Non qualified options
The Compensation Committee granted the following non qualified options to the 2004 Named Executive Officers: Michael Sonnenfeld, an option to purchase 30,000 shares; Walter Buczynski, an option to purchase 10,000 shares; John Kendall, an option to purchase 10,000 shares; and John Camp, an option to purchase 10,000 shares. The exercise price for each of the options was $11.60, the closing price of a share of Fieldstone’s common stock as reported on The Nasdaq National Market on February 21, 2006. The non qualified options were awarded in accordance with the Amended and Restated Parameters of Awards of Stock Options and Restricted Shares, filed herewith, and the form of non qualified option award agreement, as previously filed with the Commission.

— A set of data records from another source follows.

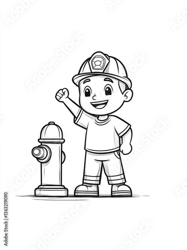 Happy child firefighter near hydrant; coloring page
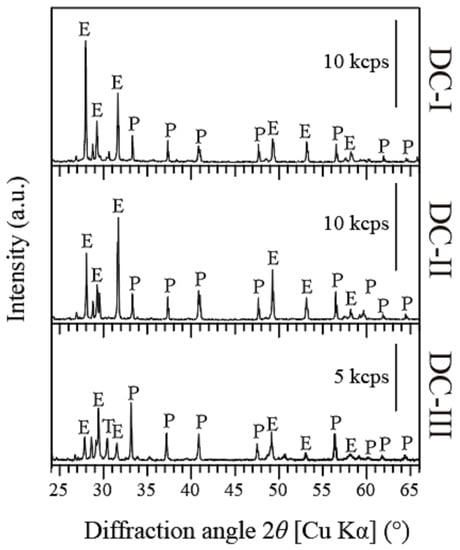 X-ray diffraction patterns of as-received DC-I, DC-II and DC-III. E: enargite (Cu3AsS4; PDF No. 00-035-0775), P: pyrite (FeS2; PDF No. 00-042-1340), T: tennantite (Cu12As4S13; PDF No. 01-074-1027).
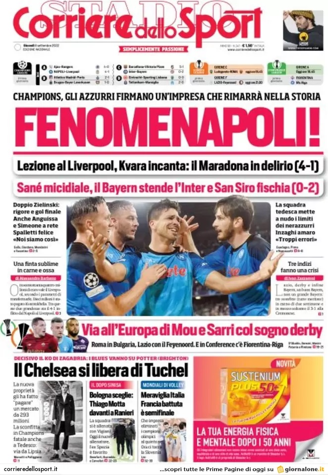 Nell'edizione di oggi il Corriere dello Sport apre in prima pagina con l'exploit del Napoli in Champions League: "FenomeNapoli! Lezione al Liverpool, Kvara incanta: il Maradona in delirio (4-1). Doppio Zielinski: rigore e gol finale. Anche Anguissa e Simeone a rete. Spalletti felice: 'Noi siamo così'". A centro pagina spazio alla sconfitta interna dell'Inter contro il Bayern Monaco: "Sané micidiale, il Bayern stende l'Inter e San Siro fischia (0-2). Più in basso l'esordio europeo delle romane: "Via all'Europa di Mou e Sarri col sogno derby".
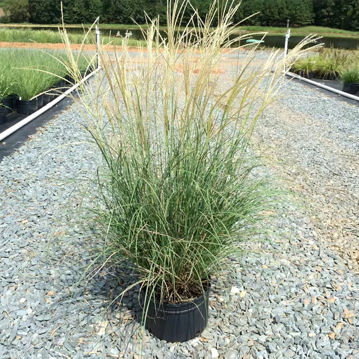 Мискантус китайский Адажио -Miscanthus sinensis Adagio это многолетний декоративный злак, один из карликовых сортов Мискантуса. Узкие, очень жесткие грациозно сгибающиеся вниз листья образует компактную, плотную, пышную кочку у основания не более 40 см, высотой около 50 см. Высота цветущего растения 100 см. Стебли дуговидные или прямые, зеленые, осенью медного окраса . на вершине стеблей кисти из метельчатых соцветий.
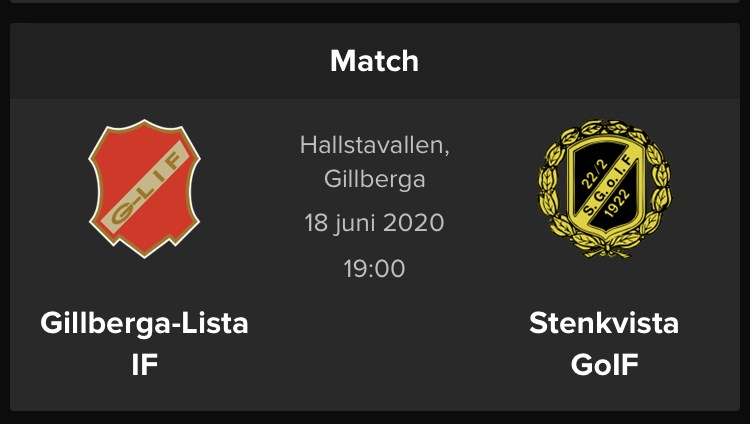 Äntligen dags för en match! En match som även är den enda innan enkelserien drar igång nästa fredag, hemma mot Eskilstuna Babylon. Enligt riktlinjerna får man inte locka publik till matchen så det gör vi inte. Samtidigt tillåter arrangemanget 50st exklusive spelare o ledare. Med lite spridning på Hallstavallen och på den nya läktaren som Gillberga/Lista har byggt så lär Corona-avstånden kunna hållas med marginal Annars följer ni matchen via Min Fotboll. Min fotboll - GLIF-SGoIF Truppen: Samling 18.00 medtag egen vattenflaska. - Anton Jonsson - Anton Pettersson - Jocke Lundgren - Christian Taura - Isak Söderqvist - Mathias Björklund - Elias Blomgren - Jesper Karlsson - Robban Andersson - Eskil Calmered - Jonathan Hiltula - Rasmus Isetoft - Oskar Bäckman - Jocke Öman - Adde Berglund - Charlie Ekström
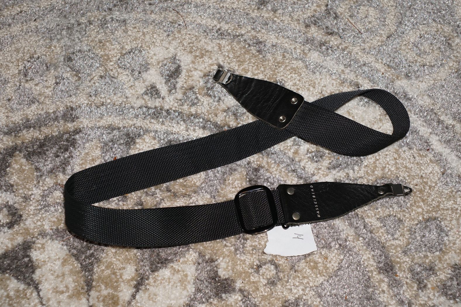 Lot 14: Hassleblad camera strap. Hassleblad brand (made in Sweden) adjustable cloth strap, 1 ½ inch wide, about 41 ¾ inch long from lug clip to clip. Nice used condition. I believe this is wider than normal but not sure. Used condition. $35 plus shipping.

Amendment No. 2 to Second Master Repurchase Agreement
On February 22, 2006, Fieldstone entered into Amendment No. 2 to Second Master Repurchase Agreement among Credit Suisse First Boston Mortgage Capital LLC (“Credit Suisse”), Fieldstone, and Fieldstone Mortgage Company (the “Amendment”). The Amendment amended the Second Amended and Restated Master Repurchase Agreement, dated as of March 31, 2005, as amended, to extend the termination date from February 23, 2006 to April 30, 2006. Fieldstone is currently discussing with Credit Suisse the terms and conditions of an amended and restated master repurchase agreement.
The foregoing description of the Amendment is not complete and is qualified in its entirety by reference to the Amendment, a copy of which is attached hereto as Exhibit 10.4 and incorporated herein by reference.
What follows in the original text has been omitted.